## Work to complete:
Please write out the entire listing below exactly, excluding its pictures.

## Supplied material:

BEGIN

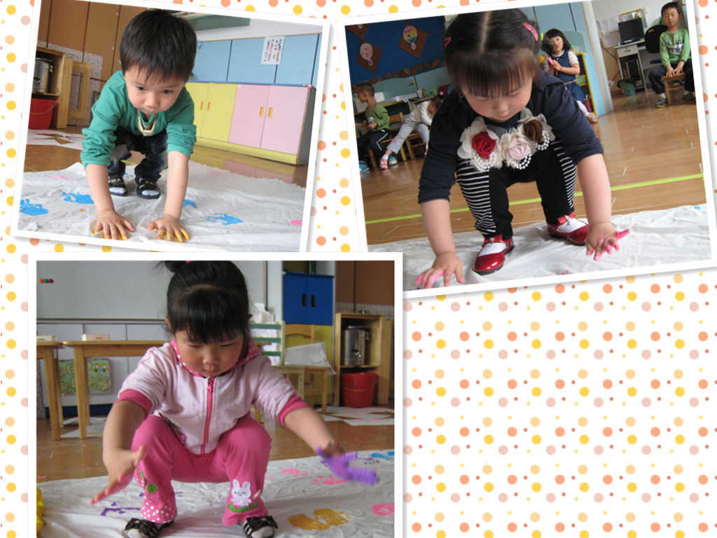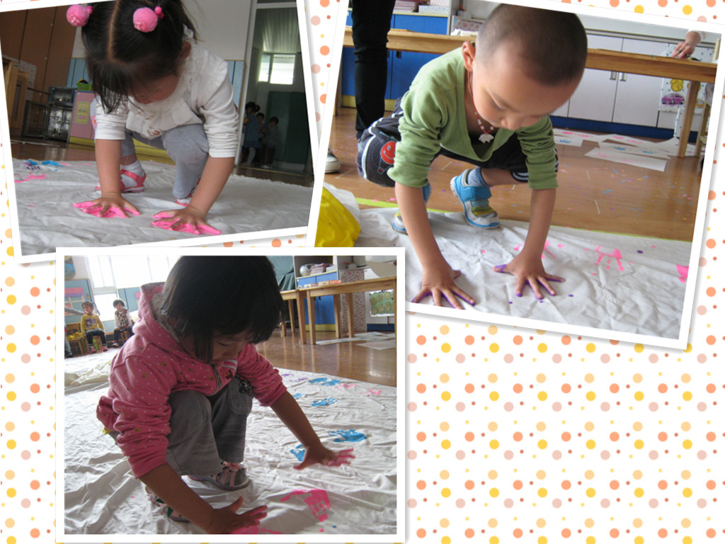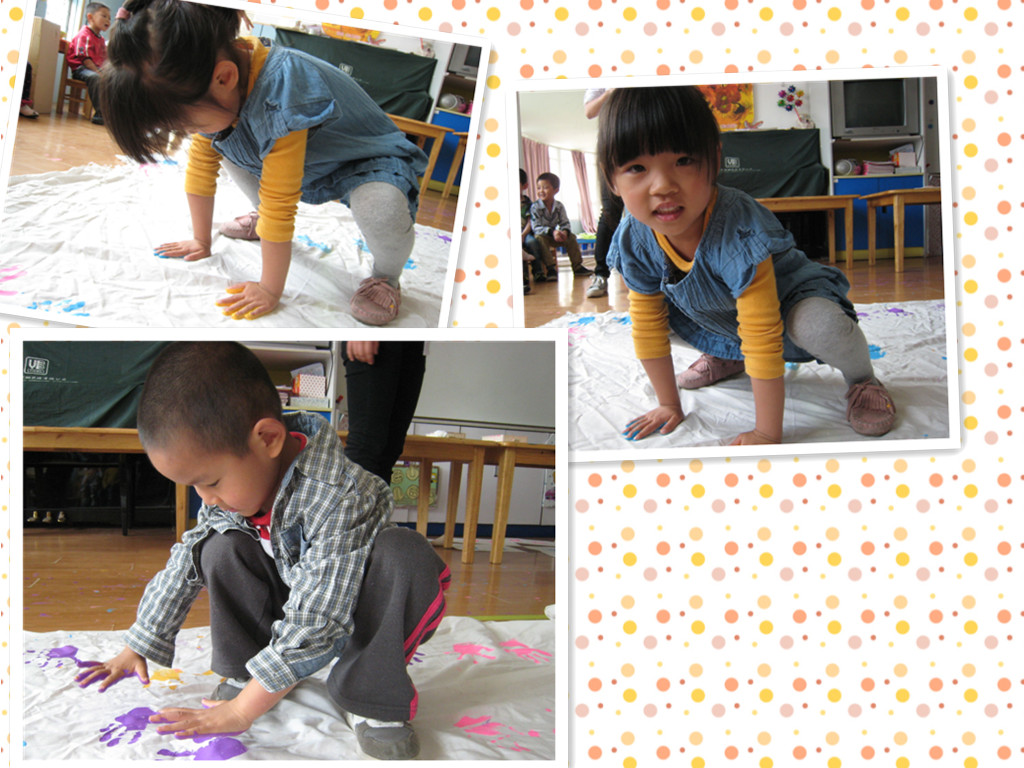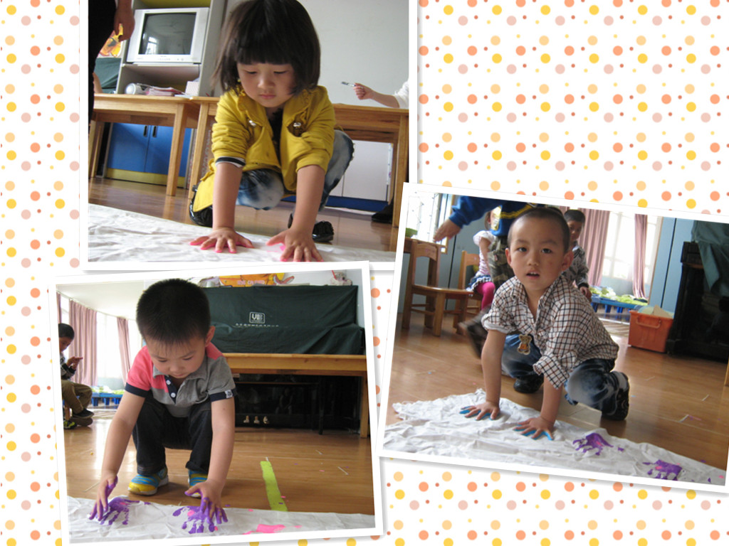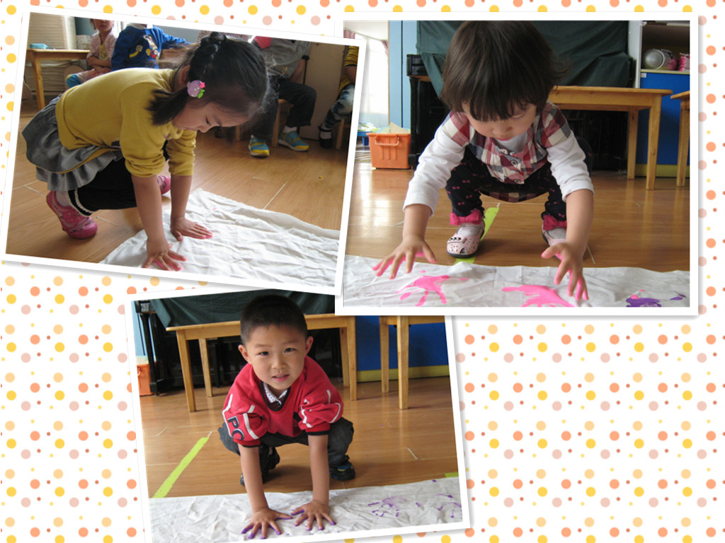 一双双可爱的小手,把它们印到布上,彩色的小掌印,好可爱的,爸爸妈妈快来看一看啊。
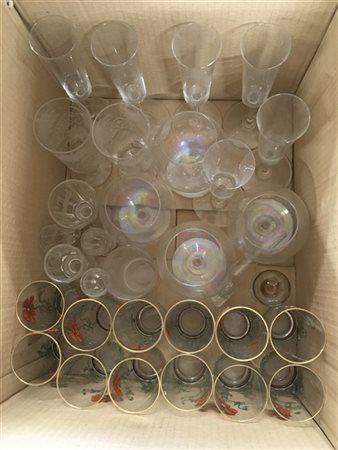 Due cartoni contenenti numerosi bicchieri di forma e decoro diverso ed altri og
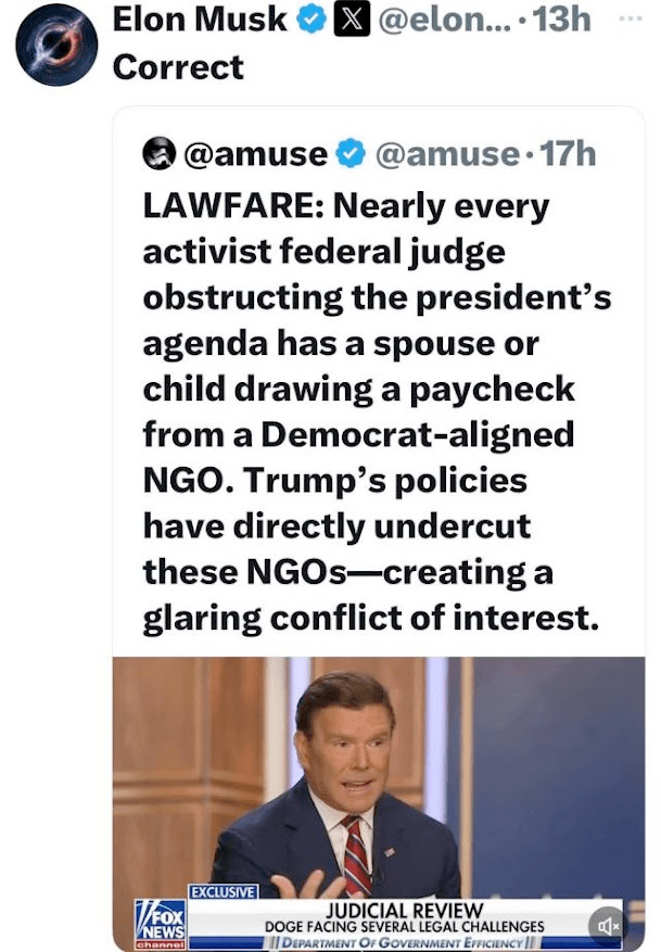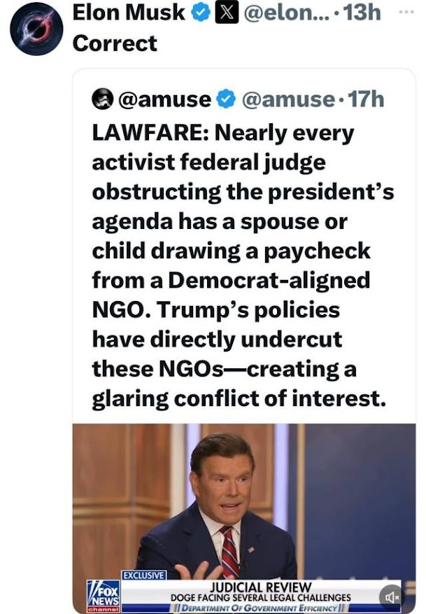 Another important addition. He said initial plans by the Democrats is to have their people at USAID hide the partisan funding under “unimpeachable initiatives”. “They will push back really hard on certain line items that on their face look like reasonable USAID expenditures and hide their political spending under these programs”
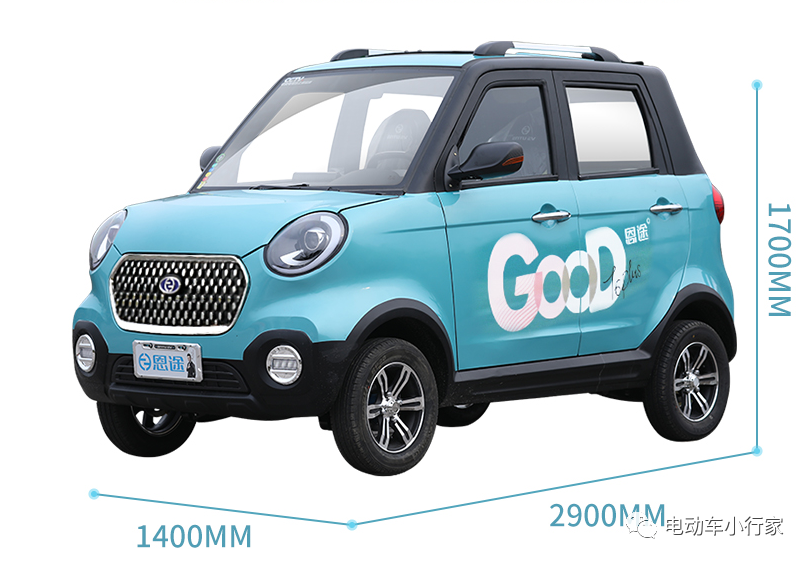 车辆的整车尺寸为2900×1400×1700mm,在低速电动车中属于不小的车型,但为了确保它的车辆空间,车辆依旧采取的五门四座的设计,让乘车人乘坐不拥挤,车辆车身是一体冲压结构,外观色调统一,造型时尚可爱,属于一款有颜值的低速电动车。
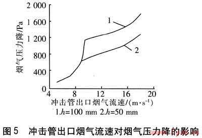 沖擊管出口煙氣流速對(duì)煙氣壓力降的影響見圖5。由圖5可知,當(dāng)h=50mm、沖擊管出口煙氣流速為5.0~8.4m/s時(shí),液位由低液位溢流管控制,氣體通過沖擊管出口與液位高度為20mm的空間發(fā)生氣體卷吸液體的現(xiàn)象。隨著流速的增大卷吸現(xiàn)象加劇,被卷吸的液體量增加,氣液接觸主要在上升通道內(nèi)進(jìn)行,氣體壓降隨流速增加。當(dāng)沖擊管出口煙氣流速超過8.4m/s時(shí),液位開始下降,低液位溢流管失效,沖擊管出口與液位形成的空間變大,上升通道內(nèi)煙氣流速迅速提高,動(dòng)壓加大、靜壓減小,套管兩側(cè)形成壓力差,套管外側(cè)液體通過排孔流入上升通道與上升氣流混合。下降氣流在此空間轉(zhuǎn)向流動(dòng),速度滯流動(dòng)壓轉(zhuǎn)化為靜壓,在排孔兩側(cè)形成壓力差,煙氣通過排孔進(jìn)入液相形成鼓泡。當(dāng)沖擊管出口流速為18m/s時(shí),煙氣壓力降為1300Pa。
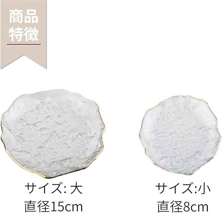 「商品内容」種類: 無地ガラス、金縁ガラスの2種類 サイズ: 大(直径15cm)、小(直径8cm)の2サイズ 素材:ガラス
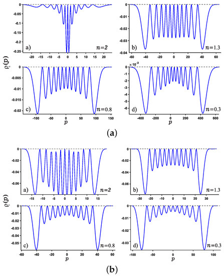 Up to now, due to the computational complexity of quantum information of the fractional Schrödinger equation including the calculation of the wave function and the Fourier transform, almost all authors have paid attention to the quantum information of the traditional Schrödinger equation, i.e., the derivative number except for our previous study [45], in which was taken. In that work [45], we have carried out the quantum information entropies of multiple quantum well systems in fractional Schrödinger equations. Recently, we have studied the Shannon entropy of the traditional () Schrödinger equation [29] with these two potentials (1) as shown in Figure 1, but we do not show how the fractional derivative n affects the wave function and the relevant physical quantities such as the position and momentum probability density as well as the Shannon entropy. Moreover, in the present study we will display their behaviours through taking the noninteger , which is different from our previous study taken in Ref. [45]. Certainly, we will see that the calculation results would become not ideal when n is taken too small. On the other hand, in order to compare with the global characteristic of Shannon entropy, it is necessary to study the locality of Fisher entropy.

END

## Solution below:
 一双双可爱的小手,把它们印到布上,彩色的小掌印,好可爱的,爸爸妈妈快来看一看啊。
 Due cartoni contenenti numerosi bicchieri di forma e decoro diverso ed altri og
 Another important addition. He said initial plans by the Democrats is to have their people at USAID hide the partisan funding under “unimpeachable initiatives”. “They will push back really hard on certain line items that on their face look like reasonable USAID expenditures and hide their political spending under these programs”
 车辆的整车尺寸为2900×1400×1700mm,在低速电动车中属于不小的车型,但为了确保它的车辆空间,车辆依旧采取的五门四座的设计,让乘车人乘坐不拥挤,车辆车身是一体冲压结构,外观色调统一,造型时尚可爱,属于一款有颜值的低速电动车。
 沖擊管出口煙氣流速對(duì)煙氣壓力降的影響見圖5。由圖5可知,當(dāng)h=50mm、沖擊管出口煙氣流速為5.0~8.4m/s時(shí),液位由低液位溢流管控制,氣體通過沖擊管出口與液位高度為20mm的空間發(fā)生氣體卷吸液體的現(xiàn)象。隨著流速的增大卷吸現(xiàn)象加劇,被卷吸的液體量增加,氣液接觸主要在上升通道內(nèi)進(jìn)行,氣體壓降隨流速增加。當(dāng)沖擊管出口煙氣流速超過8.4m/s時(shí),液位開始下降,低液位溢流管失效,沖擊管出口與液位形成的空間變大,上升通道內(nèi)煙氣流速迅速提高,動(dòng)壓加大、靜壓減小,套管兩側(cè)形成壓力差,套管外側(cè)液體通過排孔流入上升通道與上升氣流混合。下降氣流在此空間轉(zhuǎn)向流動(dòng),速度滯流動(dòng)壓轉(zhuǎn)化為靜壓,在排孔兩側(cè)形成壓力差,煙氣通過排孔進(jìn)入液相形成鼓泡。當(dāng)沖擊管出口流速為18m/s時(shí),煙氣壓力降為1300Pa。
 「商品内容」種類: 無地ガラス、金縁ガラスの2種類 サイズ: 大(直径15cm)、小(直径8cm)の2サイズ 素材:ガラス
 Up to now, due to the computational complexity of quantum information of the fractional Schrödinger equation including the calculation of the wave function and the Fourier transform, almost all authors have paid attention to the quantum information of the traditional Schrödinger equation, i.e., the derivative number except for our previous study [45], in which was taken. In that work [45], we have carried out the quantum information entropies of multiple quantum well systems in fractional Schrödinger equations. Recently, we have studied the Shannon entropy of the traditional () Schrödinger equation [29] with these two potentials (1) as shown in Figure 1, but we do not show how the fractional derivative n affects the wave function and the relevant physical quantities such as the position and momentum probability density as well as the Shannon entropy. Moreover, in the present study we will display their behaviours through taking the noninteger , which is different from our previous study taken in Ref. [45]. Certainly, we will see that the calculation results would become not ideal when n is taken too small. On the other hand, in order to compare with the global characteristic of Shannon entropy, it is necessary to study the locality of Fisher entropy.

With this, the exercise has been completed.